Exercise requirements. A picture should never appear in your copy. Transcribe the listing exactly from its first line through the line with "ぜひスシロー初のピスタチオを", both ends included.

Extracted records.
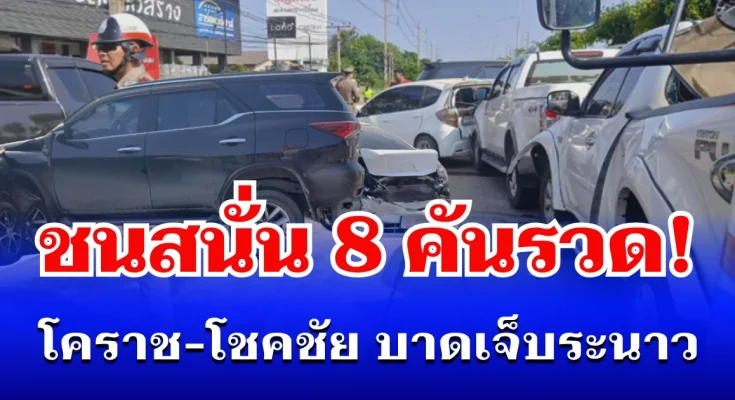 เมื่อเวลา 08.15 น. วันที่ 28 เมษายน 2569 เกิดอุบัติเหตุรถยนต์ชนท้ายต่อเนื่องกัน 8 คัน บนถนนหมายเลข 224 เส้นทางราชสีมา – โชคชัย ขาออกตัวเมือง บริเวณหน้าร้านจำหน่ายอุปกรณ์ก่อสร้าง ในพื้นที่ตำบลหนองบัวศาลา อำเภอเมือง จังหวัดนครราชสีมา ส่งผลให้การจราจรติดขัดยาวหลายกิโลเมตร
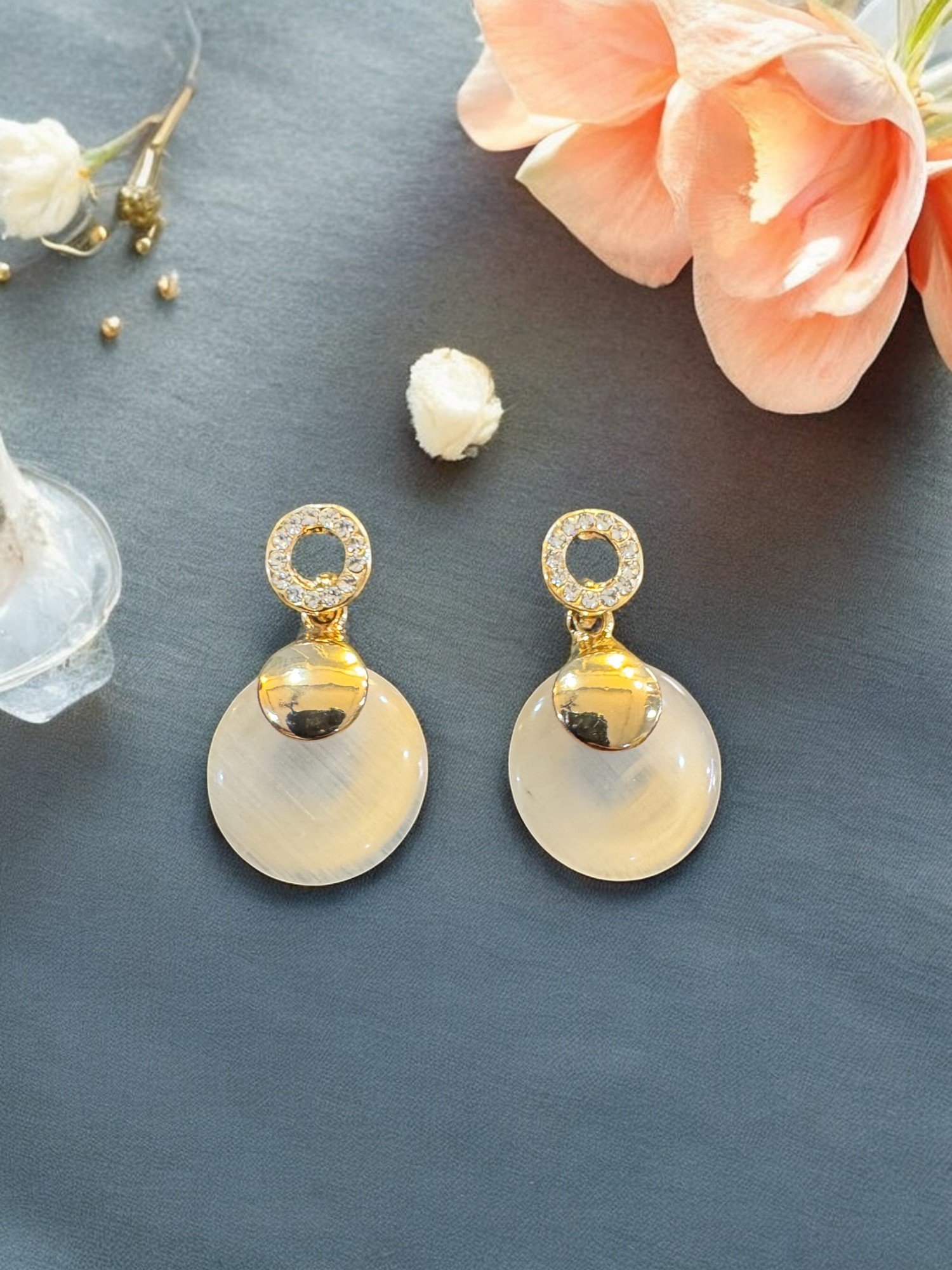 Sophisticated Earrings with a Modern Twist – Crafted with shimmering white stones and featuring a unique double-circle design. These earrings are perfect for adding a touch of elegance to any outfit
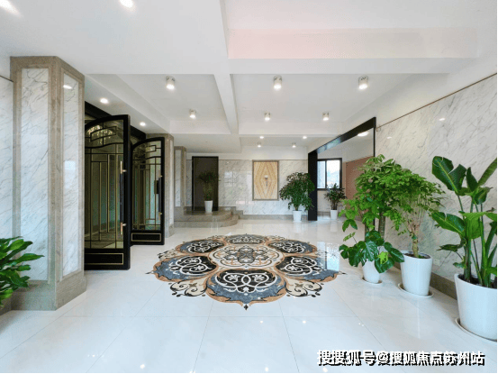 每栋楼也都是地上地下双入户大堂的设计,一层入户大堂地面采用了曼陀罗拼花造型,而且都是纯手工切割技术打造的定制款,造价颇高。
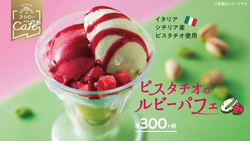 ぜひスシロー初のピスタチオを使用した贅沢パフェをスシロー価格でお楽しみください。
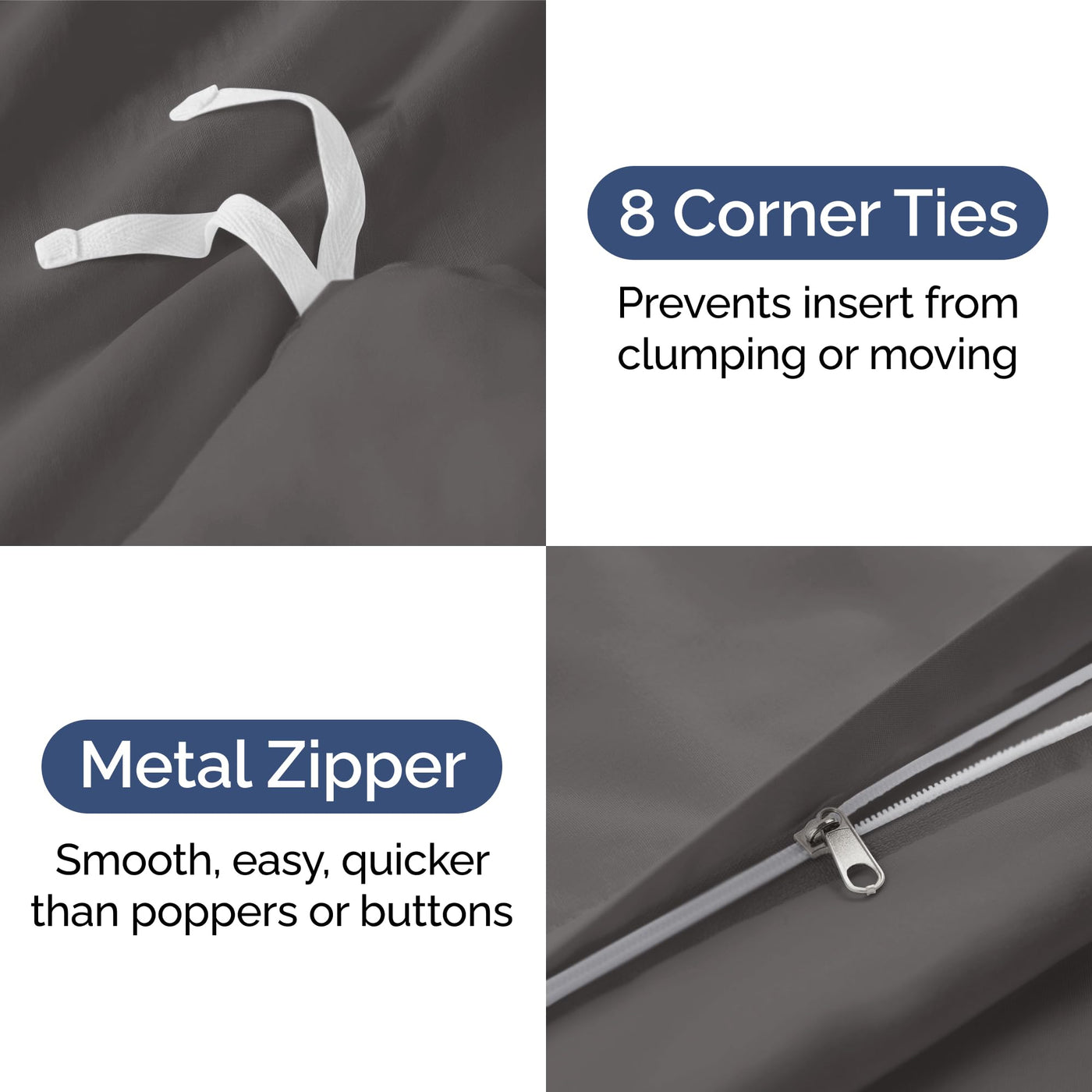 Duvet Cover Full Size Set - Extra Soft Full Size Duvet Cover 80 X 90 With 2 Pillow Shams - Hotel Luxury, Easy Care And Fade Free W/ Zipper Closures & Ties - Comfy Breathable Bedding Set (Dark Grey)
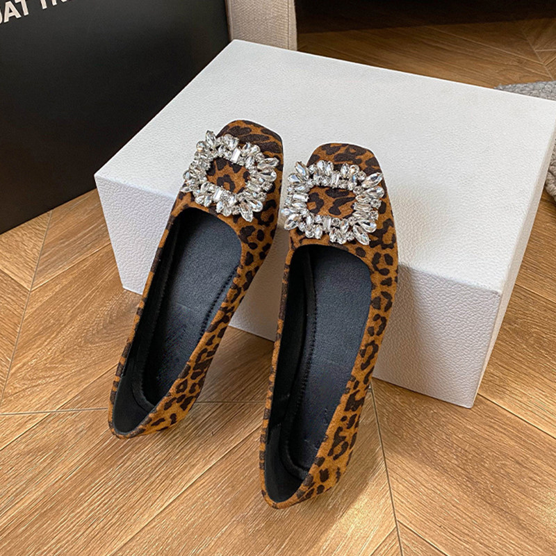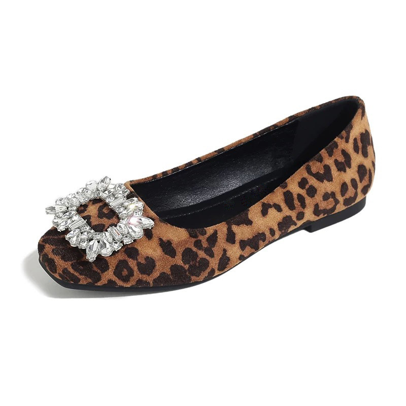 小码313233平底单鞋豹纹水钻方扣浅口女鞋大码41小个子玛丽珍鞋43
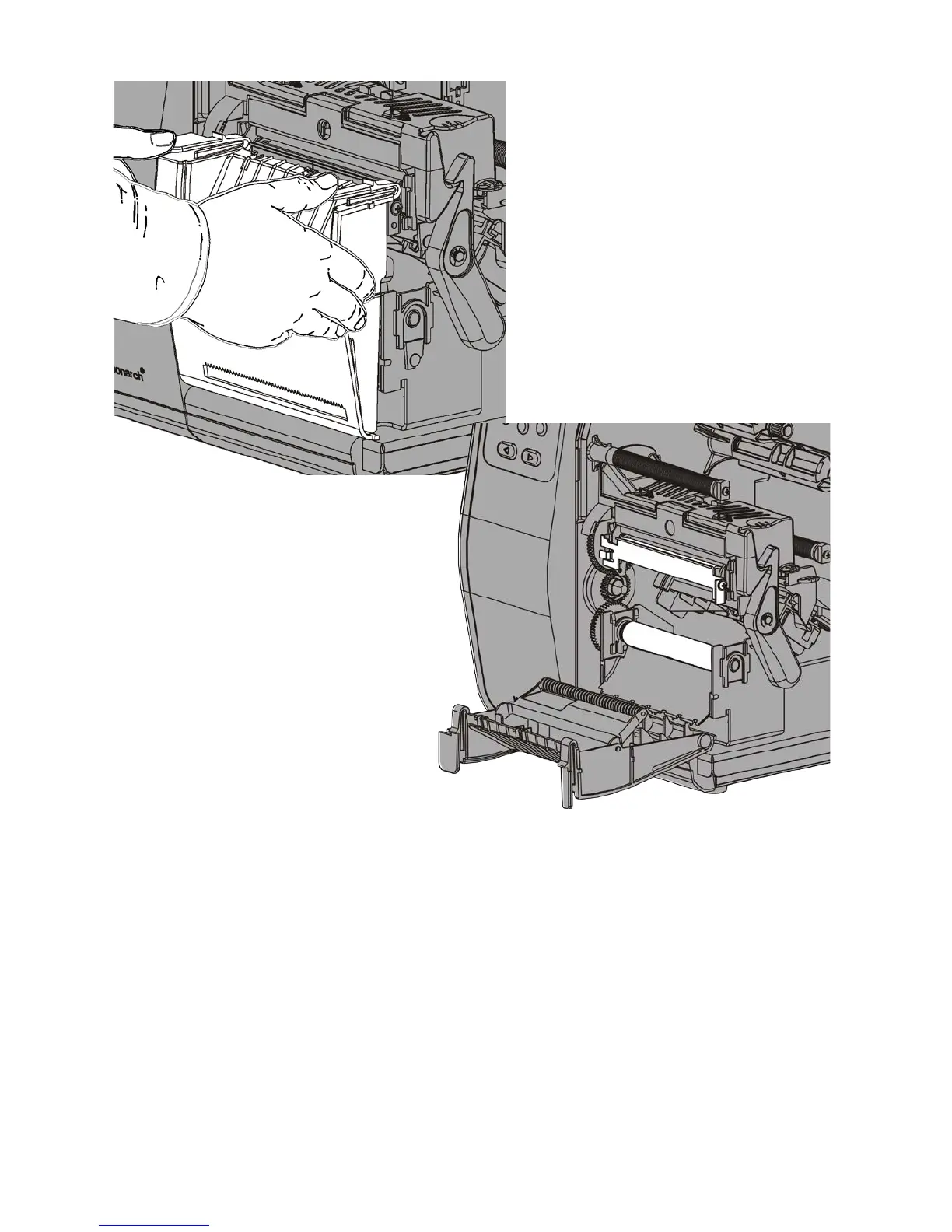 10. Press down on the exit cover tabs to open the exit cover on the front of the printer.

Solution.
 เมื่อเวลา 08.15 น. วันที่ 28 เมษายน 2569 เกิดอุบัติเหตุรถยนต์ชนท้ายต่อเนื่องกัน 8 คัน บนถนนหมายเลข 224 เส้นทางราชสีมา – โชคชัย ขาออกตัวเมือง บริเวณหน้าร้านจำหน่ายอุปกรณ์ก่อสร้าง ในพื้นที่ตำบลหนองบัวศาลา อำเภอเมือง จังหวัดนครราชสีมา ส่งผลให้การจราจรติดขัดยาวหลายกิโลเมตร
 Sophisticated Earrings with a Modern Twist – Crafted with shimmering white stones and featuring a unique double-circle design. These earrings are perfect for adding a touch of elegance to any outfit
 每栋楼也都是地上地下双入户大堂的设计,一层入户大堂地面采用了曼陀罗拼花造型,而且都是纯手工切割技术打造的定制款,造价颇高。
 ぜひスシロー初のピスタチオを使用した贅沢パフェをスシロー価格でお楽しみください。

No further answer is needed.